When I meet with Kim for dinner the following evening, she tells me that she is secretly involved with a professor of economics and wants to give the relationship time to grow. She has agreed to the matchmaking charade only to appease her parents.
make what you will of young South Koreans’ obsession with cyberwarfare and the search for the perfect partner, but these pursuits occur against a backdrop of unrelenting crisis. Tensions with North Korea escalated in 1993, not long after President Clinton’s visit to the DMZ.

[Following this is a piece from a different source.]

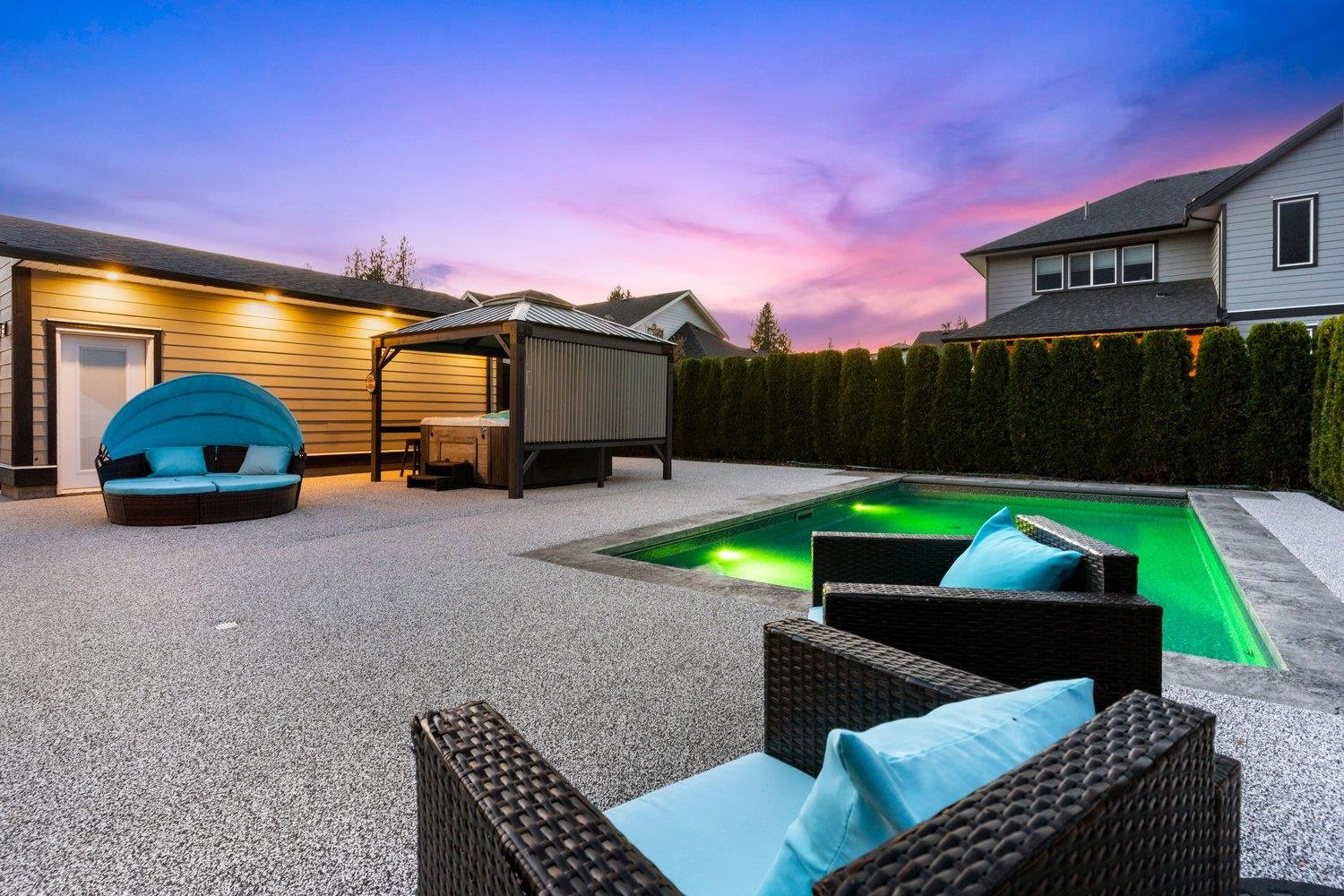 PRICE REDUCED!! Welcome to your dream home – an inviting 6 bed, 5 bath retreat with over 4,100 sqft of thoughtfully designed space!! Soaring 19″ vaulted ceilings in the great room lead you upstairs 2 spacious primary bedroom suites and a 3rd bedroom & bathroom. The fully finished basement includes a private 2-bedroom suite, perfect for extended family, guests, or rental!! Relax in your private backyard oasis ft. rubber paving, in-ground pool with retractable cover, hot tub & gazebo, and a spacious patio, perfect for entertaining! The backyard also boasts a 14’8 x 23’2 workshop, perfect for hobbies & extra storage! Thoughtfully designed and impeccably maintained, this home offers the perfect blend of comfort, elegance, and functionality. Call today for your private showing!

Through aerial and satellite photography, the United States discovered in 1989 that North Korea had built a secret reprocessing facility that could turn spent fuel from a nuclear power station into weapons-grade plutonium. The North Koreans turned away international inspection teams from suspected nuclear waste sites at Yongbyon, and then, in 1993, threatened to withdraw from the Nuclear Non-Proliferation Treaty. In 1994, Clinton ordered the Pentagon to explore a military option against the North Korean nuclear program. “We were dead earnest in the Defense Department both about a strike on Yongbyon and a wider war plan,” recalls Ashton Carter, former assistant secretary of defense. Then, in July 1994, North Korea’s “Great Leader,” Kim Il Sung, died of a heart attack at age 82. He was succeeded by his son, Kim Jong Il, then 53, a movie-loving playboy turned despot who is thought to have played a leading role in the secret Yongbyon nuclear program. By October of that year, the United States and North Korea, concluding a series of tortuous negotiations, reached a settlement. Under this socalled Agreed Framework, North Korea would shut down the Yongbyon facilities and stop construction of a nuclearplant at another location. In return, the United States would help the Pyongyang regime build two nuclear power stations for domestic energy production with light-water reactors (whose fuel cannot easily be converted to weapons production). Moreover, Washington also agreed to donate 500,000 tons of fuel oil annually to North Korea until the first lightwater reactor became operational.
Behind North Korea’s nuclear brinkmanship was a growing economic despair. Despite an ideology of self-reliance, or juche, as Kim Il Sung called it, North Korea had remained heavily dependent on outside aid, principally from the Soviet Union and, to a lesser extent, from China. As part of juche, the Pyongyang regime aimed for food self-sufficiency. To compensate for a lack of fertile land, the North Koreans spent heavily on pesticides, fertilizers and electrified irrigation. “They were pursuing an irrational, extremely input-intensive form of agriculture,” says Marcus Noland, an economist and author of Avoiding the Apocalypse:The Future of the Two Koreas.
By the early 1990s, North Korea was in dire economic straits. With the collapse of Communism in the Soviet Union and Eastern Europe, aid and exports to North Korea shriveled. The country could no longer finance its agricultural practices. Severe floods in 1995 devastated crops, deepening a famine. Estimates of North Koreans who died of starvation in the last years of the 20th century range as high as two million, more than were killed in the Korean War.